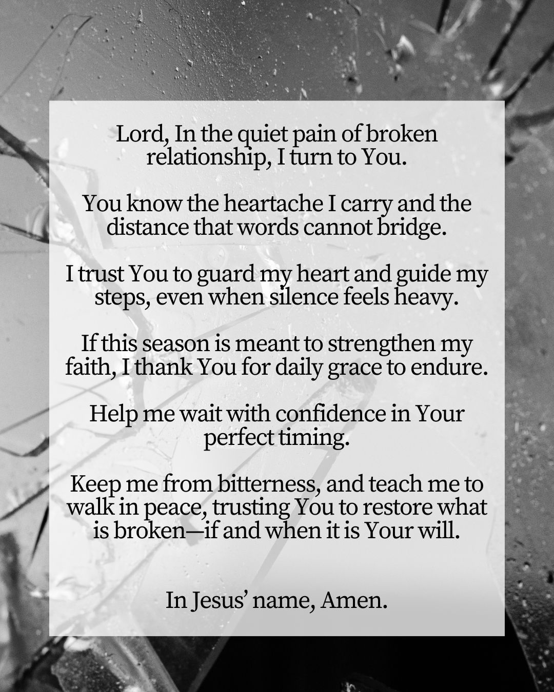 Thank you for sharing your prayer. I can only imagine the pain of such deep estrangement, but your trust in God’s timing and your willingness to wait on Him is a powerful witness of faith. John 10:10 reminds us that while the enemy seeks to destroy, Jesus came that we may have life, abundant and restored. May the Lord continue to give you strength, peace, and hope each day. I’m standing in prayer with you, asking God to bring healing in His perfect time. You are not alone.
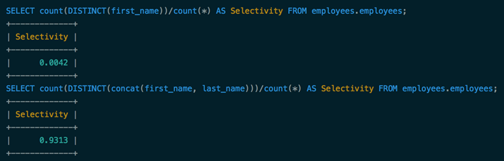 索引的选择度(Selectivity),指未重复的索引值(也称为基数,Cardinality)与表记录数(TotalSize)的比值:Index Selectivity = Cardinality / TotalSize,选择性范围是(0, 1],选择性越高,指数的值就越大(唯一具有选择性1的指数)。如下,单纯用first_name字段索引的选择性很低(0.0042),将first_name和last_nam做一个联合索引,很明显,选择性是好的。
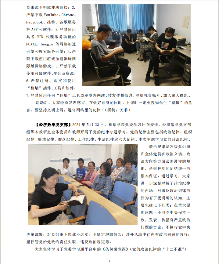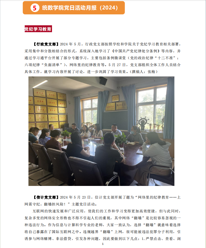 【信计党支部】2024年5月23日,信计党支部开展了题为“网络里的纪律教育——上网需守纪,翻墙担风险!”主题党日活动。
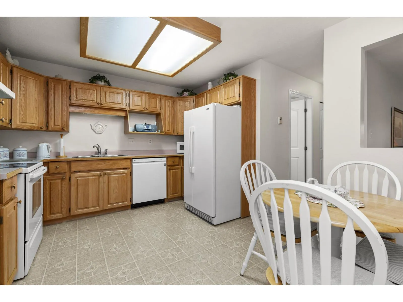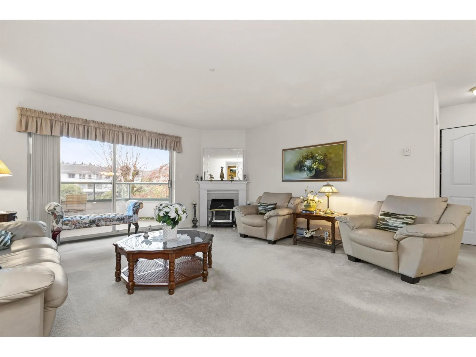 Don't miss out on this desirable location! The Oaks at Centennial Court, conveniently located near shopping, recreation & Mill Lake. This 2 bedroom/2 bathroom condo faces the courtyard and is very clean and well maintained. The layout is great with one bedroom & one bathroom on each side of the unit. This home feels open and spacious, the living room has a nice gas fireplace and access to the deck where you can enjoy your morning coffee. The laundry room has ample extra space for extra storage. The complex has fantastic amenities including an indoor pool, steam room, hot tub, fitness room, library, large meeting room and the courtyard has a great gazebo. This is 55+ living, pets are not permitted. Book a viewing today! (id:27476)
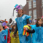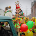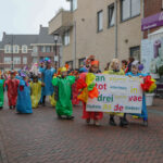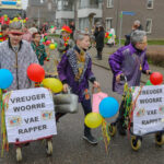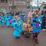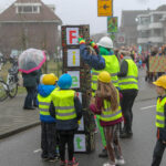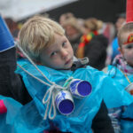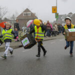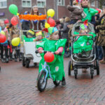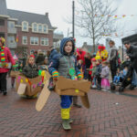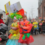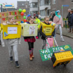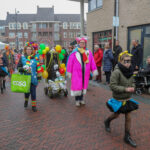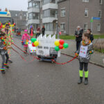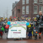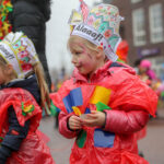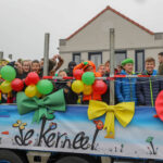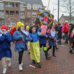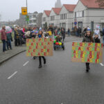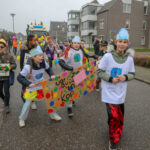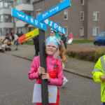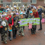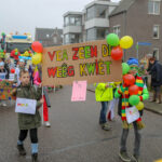 Het zonnetje liet zich niet zien maar het bleef gelukkig wel droog. De papa’s en mama’s, opa’s en oma’s en andere bekende en vrienden waren massaal komen kijken naar de prachtige kleurrijke optocht.
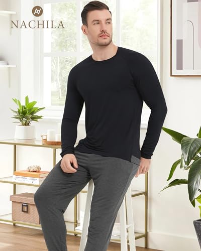 NACHILA Men's Pajamas-Viscose Made from Bamboo,Long Sleeve Pjs silky Pants Pajama Sets Stretchy Sleepwear with Pockets
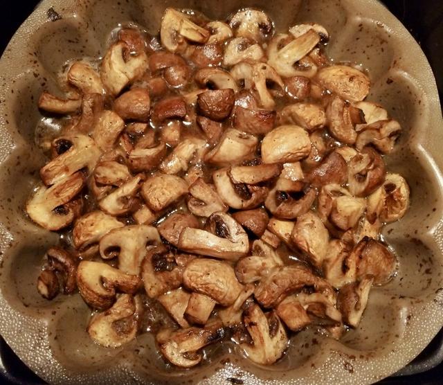 Для этого блюда идеально подойдут мелкие шампиньоны. У меня были грибы среднего размера, пришлось разрезать их пополам.
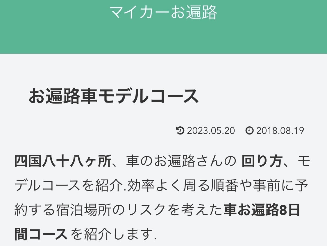 今回は、車遍路で全て合わせて8日間
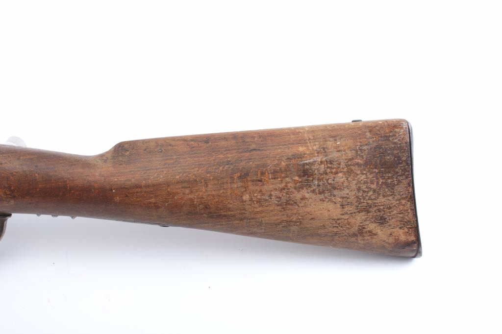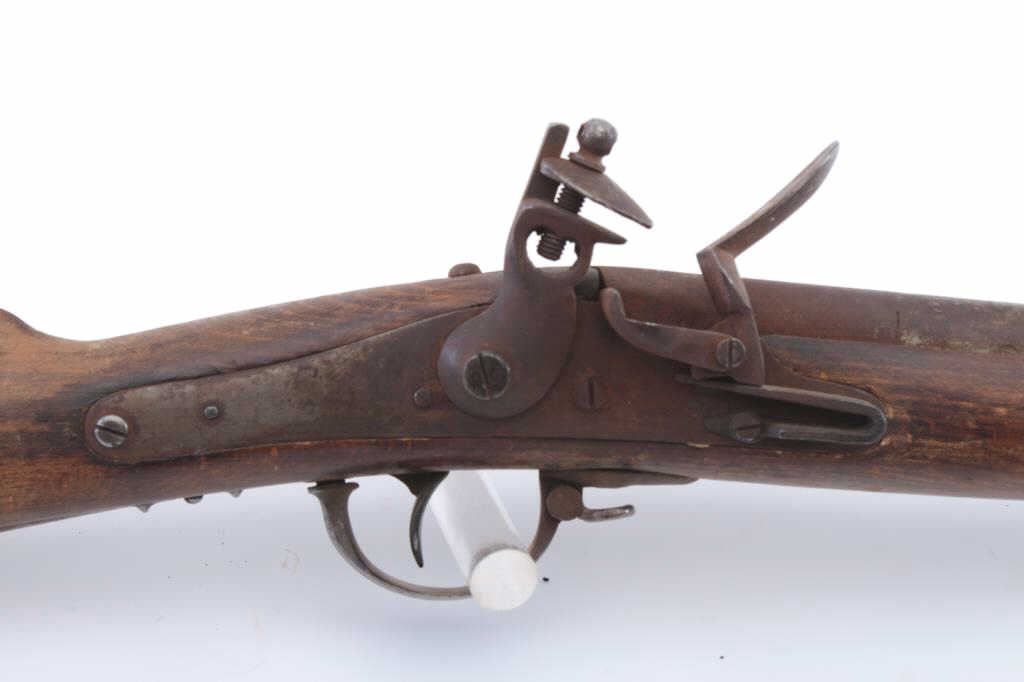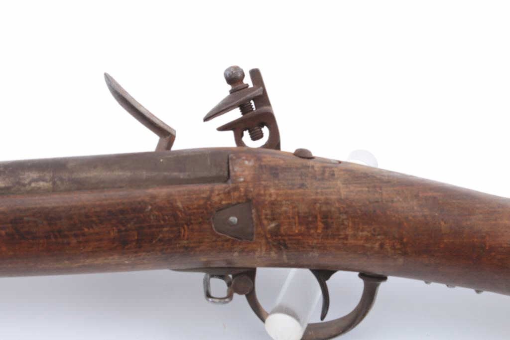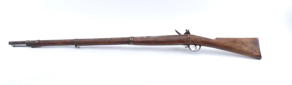 Large bore Belgium trade gun from late 19th to early 20th century found in Alaska by our consignor and used by native people. Measures 56" overall with a 39" barrel of .70+ caliber. Minor rust and erosion from exposure to the elements and stock shows wear and use. Lock working. Period ramrod. (Antique) Est.: $350-$700
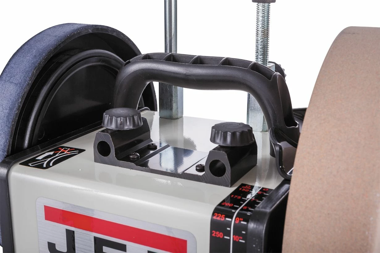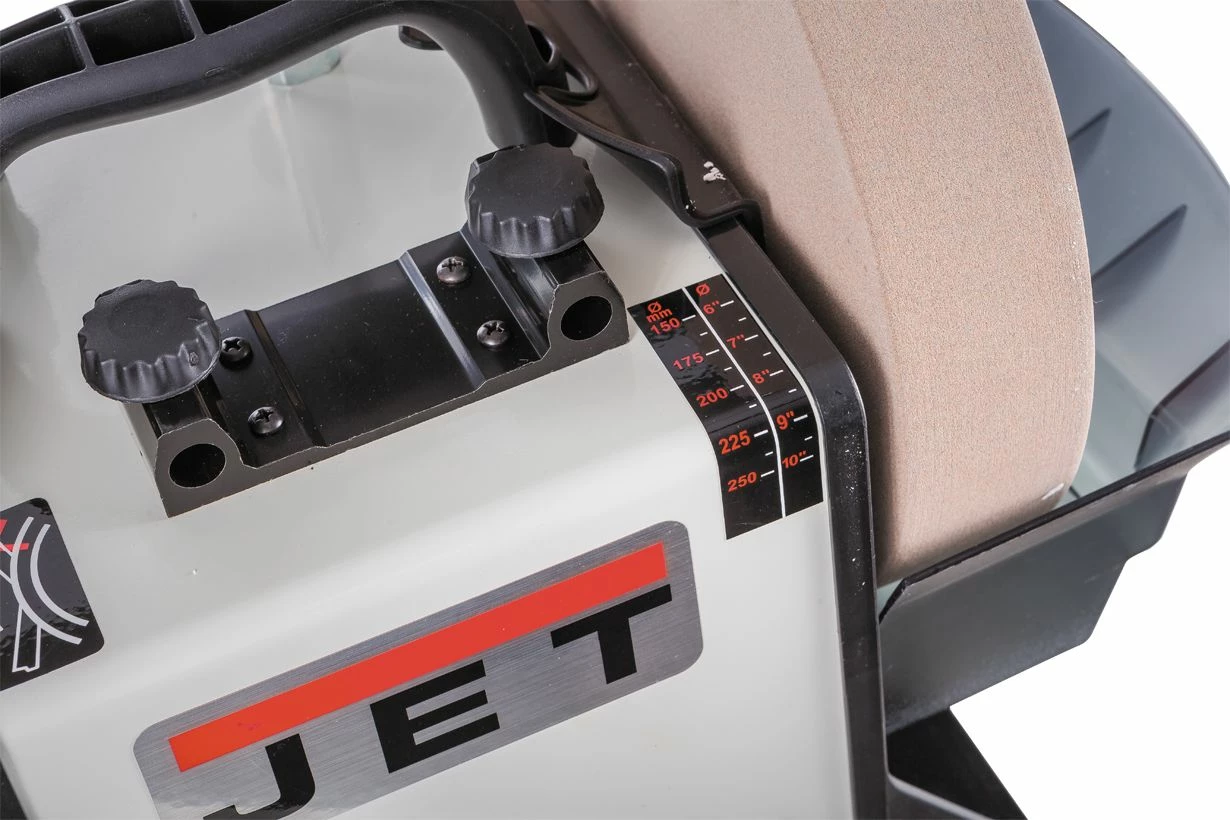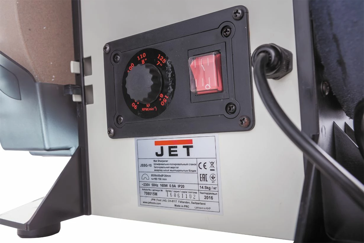 - Le touret d’affûtage à eau JET JSSG-10-M est équipé d’une meule de Ø 250 x 50mm, offrant une performance optimale pour l’affûtage des outils en bois et en métal.
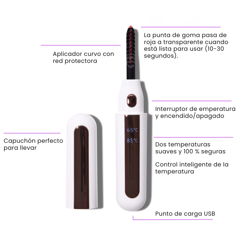 Este rizador de pestañas térmico realza tus pestañas en segundos, sin pinzas, sin tirones y sin riesgo de dañarlas.
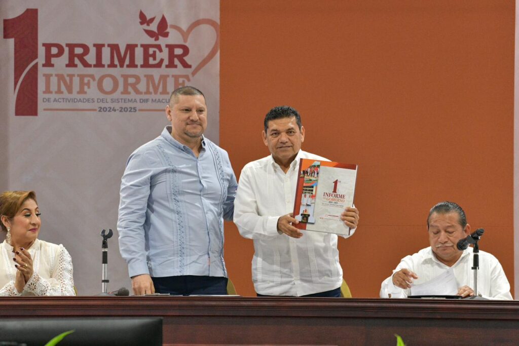 El Gobernador Javier May Rodríguez acompañó al presidente municipal de Macuspana, Gaspar Trinidad Díaz Falcón, en la presentación del Primer Informe de Gobierno 2024-2025, en cuyo marco se destacó que mediante el trabajo coordinado del estado, federación y municipio este año se invirtieron más de 215 millones de pesos en 152 obras que transforman la vida de las familias macuspanenses.
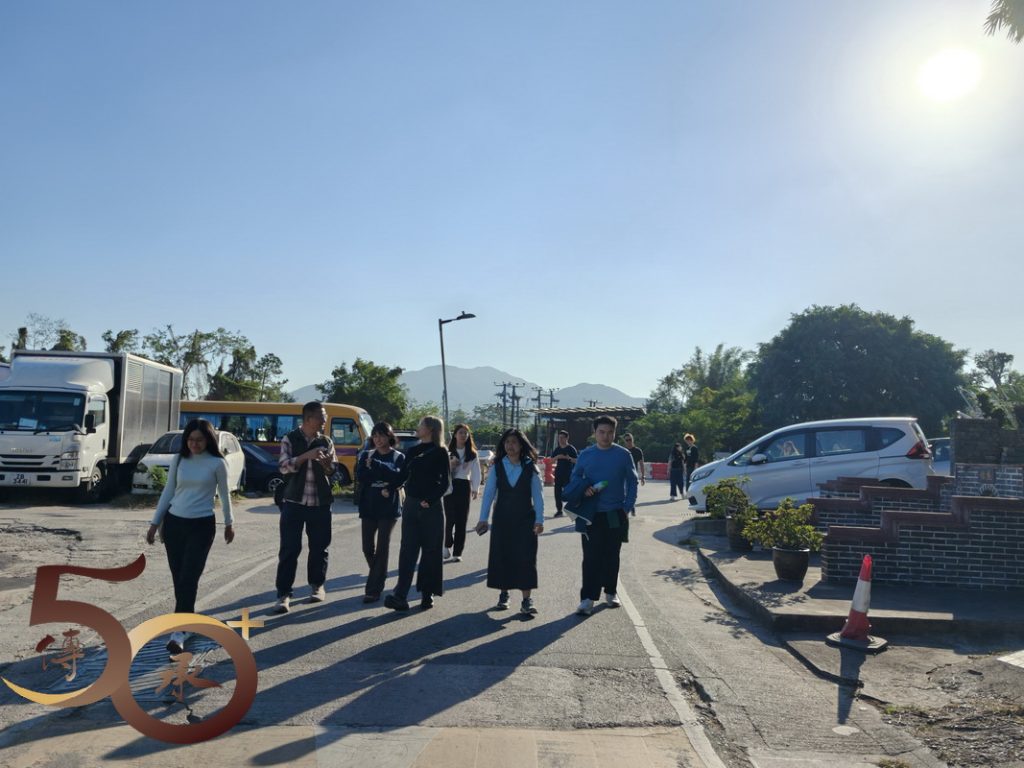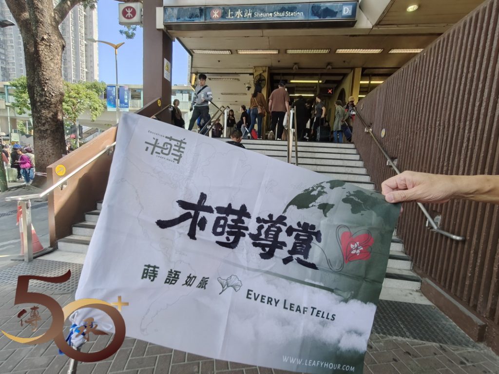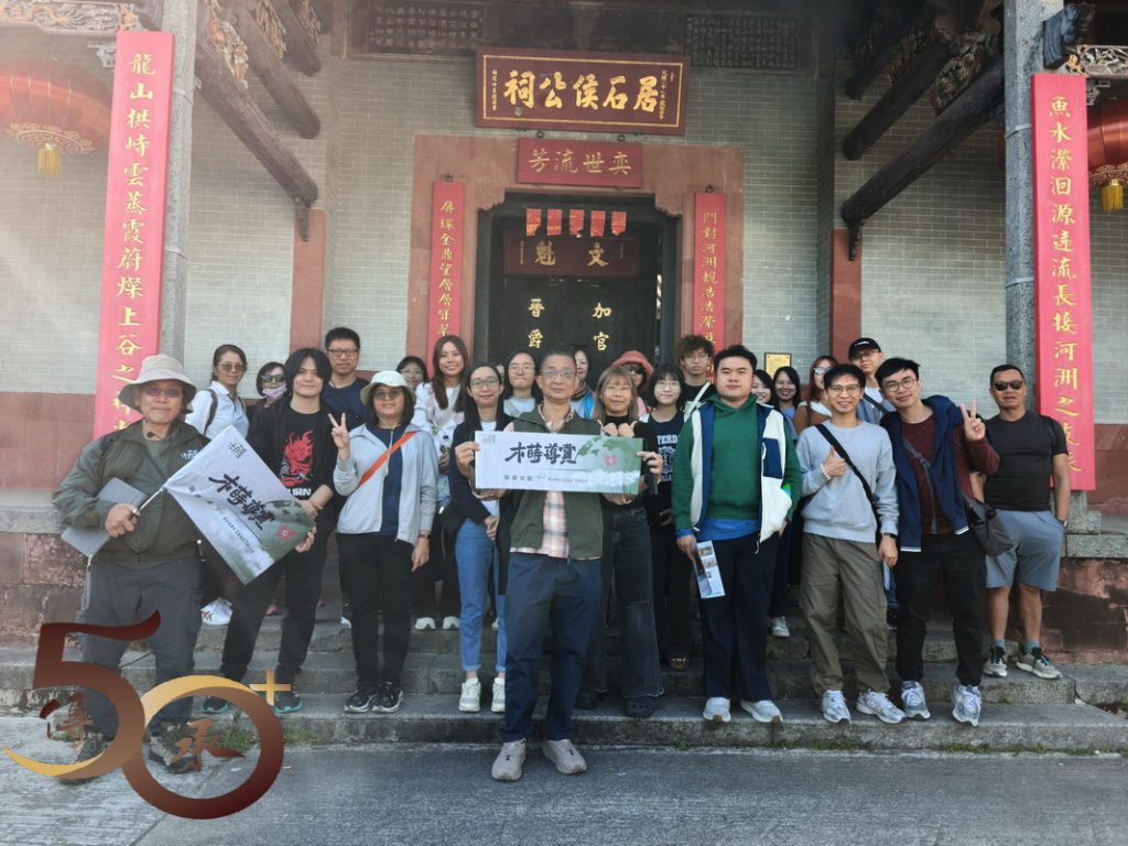 今日(2025年11月22日)下午1330時,在人潮熙來攘往的港鐵上水站A3進出口對開的空地上,木蒔導賞的小旗幟迎風飄揚,迎向每名在網上報名的參加者。由於參加人數眾多,工作人員首先安排參加者分批乘坐51K專線小巴,前往河上鄉居石侯公祠。
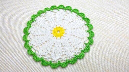 Видео обзор по вязанию крючком салфетки в виде ромашки.
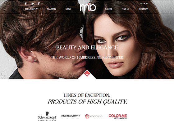 8.这个页面给你什么感觉,美丽、迷人、时尚? M2B网站的图片正是给用户传达这样的感受。不管是导航还是banner图里面的文字,都采用这种美丽的衬线字体,与图片所表达内容相得益彰。而简洁圆润的logo图在整个页面中看起来既醒目,却又不显得突兀。
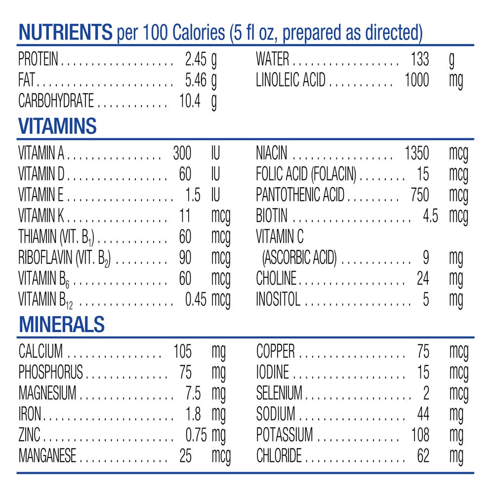 Directions for use: Use as directed by a doctor. Directions for Preparation and Use: Your baby’s health depends on carefully following these directions. Proper hygiene, handling and storage are important when preparing infant formula. Failure to follow these directions could result in severe harm. Ask your baby’s doctor if you need to use cooled, boiled water for mixing and if you need to boil (sterilize) bottles, nipples and rings before use. Wash your hands, surfaces and utensils. Pour water into clean bottle (see mixing guide). Add 1 unpacked level scoop (8.8 g) to each 2 fl oz water. Return dry scoop to can. Can bottle; shake well; attach clean nipple. Once feeding begins, use within 1 hour or discard. Mixing Guide: Measure water: 2 fl oz + Add scoop(s) of unpacked level powder using enclosed scoop: 1 scoop (8.8 g) = Finished bottle (approx.): 2 fl oz. Measure water: 4 fl oz + Add scoop(s) of unpacked level powder using enclosed scoop: 2 scoops = Finished bottle (approx.): 4 fl oz. Measure water: 6 fl oz + Add scoop(s) of unpacked level powder using enclosed scoop: 3 scoops = Finished bottle (approx.): 6 fl oz. Measure water: 8 fl oz + Add scoop(s) of unpacked level powder using enclosed scoop: 4 scoops = Finished bottle (approx.): 8 fl oz. Similac: 1 can = 4 fl oz: 22 bottles. When mixed as directed, makes approx. 90 fl oz of formula. 0-12 months Storage: Once mixed, store bottles in refrigerator and feed to baby with in 24 hours. Store unopened or opened container at room temperature; avoid extreme temperatures. Use opened can contents within 1 month. Use by date on can. Storage recommendation: Once mixed, store bottles in refrigerator and feed to baby with in 24 hours. Store unopened or opened container at room temperature; avoid extreme temperatures. Use opened can contents within 1 month.
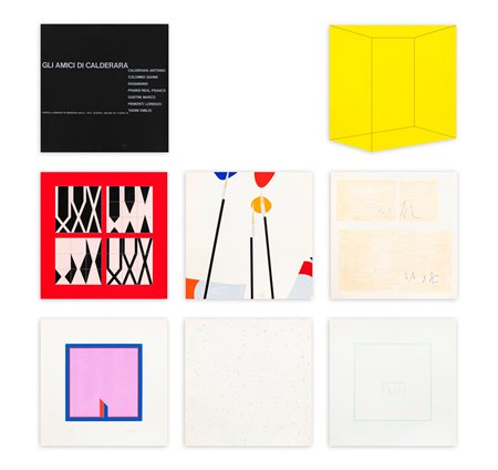 Cartella contenente 1 testo di Emilio Tadini e 7 serigrafie di Antonio Calderara, Gianni Colombo, Reale Franco Frangi, Marco Gastini, Lorenzo Piemonti ed Emilio Tadini ciascuna recante firma e numerazione (Esemplari 16/99) a matita
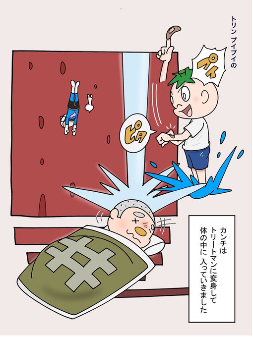 小児科で泣いている子供がいたなぁ・・・ 「トリンぷいぷいの プイ」 今、トリートマンが行くから待っていて! #企画 #イラスト #漫画 #絵本 #トリートマン
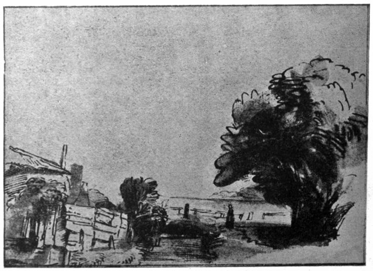 “LOT AND HIS FAMILY LEAVING SODOM.” DRAWING IN PEN AND INK BY REMBRANDT IN THE BRITISH MUSEUM. SIZE, 6⅞ × 9½ IN.

◇ ◇ ◇ ◇ ◇

With the pictures left out, output exactly the lines that begin at the line containing "Cartella contenente 1" and end at the last line of the material.

 Cartella contenente 1 testo di Emilio Tadini e 7 serigrafie di Antonio Calderara, Gianni Colombo, Reale Franco Frangi, Marco Gastini, Lorenzo Piemonti ed Emilio Tadini ciascuna recante firma e numerazione (Esemplari 16/99) a matita
 小児科で泣いている子供がいたなぁ・・・ 「トリンぷいぷいの プイ」 今、トリートマンが行くから待っていて! #企画 #イラスト #漫画 #絵本 #トリートマン
 “LOT AND HIS FAMILY LEAVING SODOM.” DRAWING IN PEN AND INK BY REMBRANDT IN THE BRITISH MUSEUM. SIZE, 6⅞ × 9½ IN.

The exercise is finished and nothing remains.